Poco dopo l'inizio della serata, mentre si dà fondo al primo giro di snack e bibite, il passaggio di una cometa rossa, provvista di un inquetante sorriso, imprigiona gli spettatori confinandoli nel drive-in. Ed in quel momento ha inizio la vera notte horror. Una notte della quale non si vede la fine.

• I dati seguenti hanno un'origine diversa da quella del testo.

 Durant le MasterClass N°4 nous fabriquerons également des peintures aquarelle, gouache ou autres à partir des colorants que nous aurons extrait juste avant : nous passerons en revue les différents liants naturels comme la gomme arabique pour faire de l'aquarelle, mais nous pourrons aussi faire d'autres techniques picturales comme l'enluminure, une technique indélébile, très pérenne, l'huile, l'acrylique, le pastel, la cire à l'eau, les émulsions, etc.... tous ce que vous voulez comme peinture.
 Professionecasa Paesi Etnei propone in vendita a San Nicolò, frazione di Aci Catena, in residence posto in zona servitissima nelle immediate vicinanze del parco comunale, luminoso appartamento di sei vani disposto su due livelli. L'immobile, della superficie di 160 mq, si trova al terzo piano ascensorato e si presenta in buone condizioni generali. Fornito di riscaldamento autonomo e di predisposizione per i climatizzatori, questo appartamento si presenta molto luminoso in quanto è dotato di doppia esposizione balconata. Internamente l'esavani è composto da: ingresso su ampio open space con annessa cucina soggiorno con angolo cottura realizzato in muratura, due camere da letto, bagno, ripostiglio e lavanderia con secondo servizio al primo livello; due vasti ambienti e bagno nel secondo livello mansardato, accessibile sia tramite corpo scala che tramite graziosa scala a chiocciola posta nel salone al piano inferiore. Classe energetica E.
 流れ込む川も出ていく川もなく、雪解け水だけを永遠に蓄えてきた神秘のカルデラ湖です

La popolazione del drive-in, costretta a guardare ossessivamente pellicole horror ed a nutrirsi al chiosco dei rinfreschi - che non può offrire altro che hot-dog, pop-corn e bibite - gradualmente regredisce ad uno stato di barbarie e violenza. Infanticidi, violenze sessuali, cannibalismo e sopraffazione diventano i primitivi mezzi di sopravvivenza di questo inquietante "closed world", mentre gli scenari splatter dei film horror che girano perennemente sugli schermi non diventano che una pallida ombra al cospetto della degenerazione umana reale che vi si consuma di fronte. Mostruoso, depravato e selvaggio, l'Orbit si trasforma in un girone dantesco post-moderno nel quale i doni dei mostruosi totem del consumo vengono accolti dai loro fedeli forzati come ricompense per la propria paura e sottomissione, e dal quale etica, morale, senso di colpa, compassione e sentimento vengono banditi ed ogni freno inibitore, a parte quello dettato dalla paura, viene rimosso.

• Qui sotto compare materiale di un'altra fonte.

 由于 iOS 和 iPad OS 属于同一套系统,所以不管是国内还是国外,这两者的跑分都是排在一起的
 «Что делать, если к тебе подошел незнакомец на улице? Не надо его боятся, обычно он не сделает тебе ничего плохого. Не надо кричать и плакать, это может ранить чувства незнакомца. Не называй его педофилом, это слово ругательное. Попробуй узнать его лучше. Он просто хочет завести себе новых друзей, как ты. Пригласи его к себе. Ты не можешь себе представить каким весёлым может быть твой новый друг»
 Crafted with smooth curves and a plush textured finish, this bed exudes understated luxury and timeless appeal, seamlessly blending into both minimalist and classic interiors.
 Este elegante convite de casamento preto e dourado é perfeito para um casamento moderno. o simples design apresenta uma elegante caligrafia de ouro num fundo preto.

Lo scrittore terrestre Lansdale racconta il tutto con uno stile diretto e asciutto, senza tante chiacchiere e senza risparmiare nulla al lettore, senza timore di mostrare il marcio e le meschinità presenti anche nei protagonisti (sebbene nel loro caso non travalichi mai determinati limiti). I dialoghi di protagonisti e comparse sono pervasi di ironico cinismo dettato da un necessario senso di sopravvivenza all'orrore che sfocia in battute esilaranti di un'houmor macabro crudo e feroce che colpisce non solo per la nota comica (anche piuttosto grossolana, o per meglio dire "texana"), ma soprattutto per il retrogusto tragico e disilluso che lascia in bocca. Tale houmor è una costante dell'autore terrestre ed è presente in molti altri lavori dello stesso autore, quindi parte integrante di una personale visione del mondo e delle sue grottesche manifestazioni.

IL SIGNORE DEI CONSUMI


Non è la prima volta che il tema dell'imbarbarimento dell'uomo di fronte ad una situazione di isolamento e di riduzione sempre più ampia delle risorse viene trattato da un'autore terrestre. Per chi fosse interessato (mi riferisco soprattutto ai lettori Tapparellidi), nella letteratura terrestre vi sono degli altri libri di illustri autori terrestri precedenti ed antecedenti a Lansdale che hanno affrontato tali temi, ad esempio: William Golding con il suo "Il signore delle mosche",  J. G. Ballard  con il suo "Il condominio" (High-Rise) fino al più recente e famoso "La strada" di Cormac McCarthy.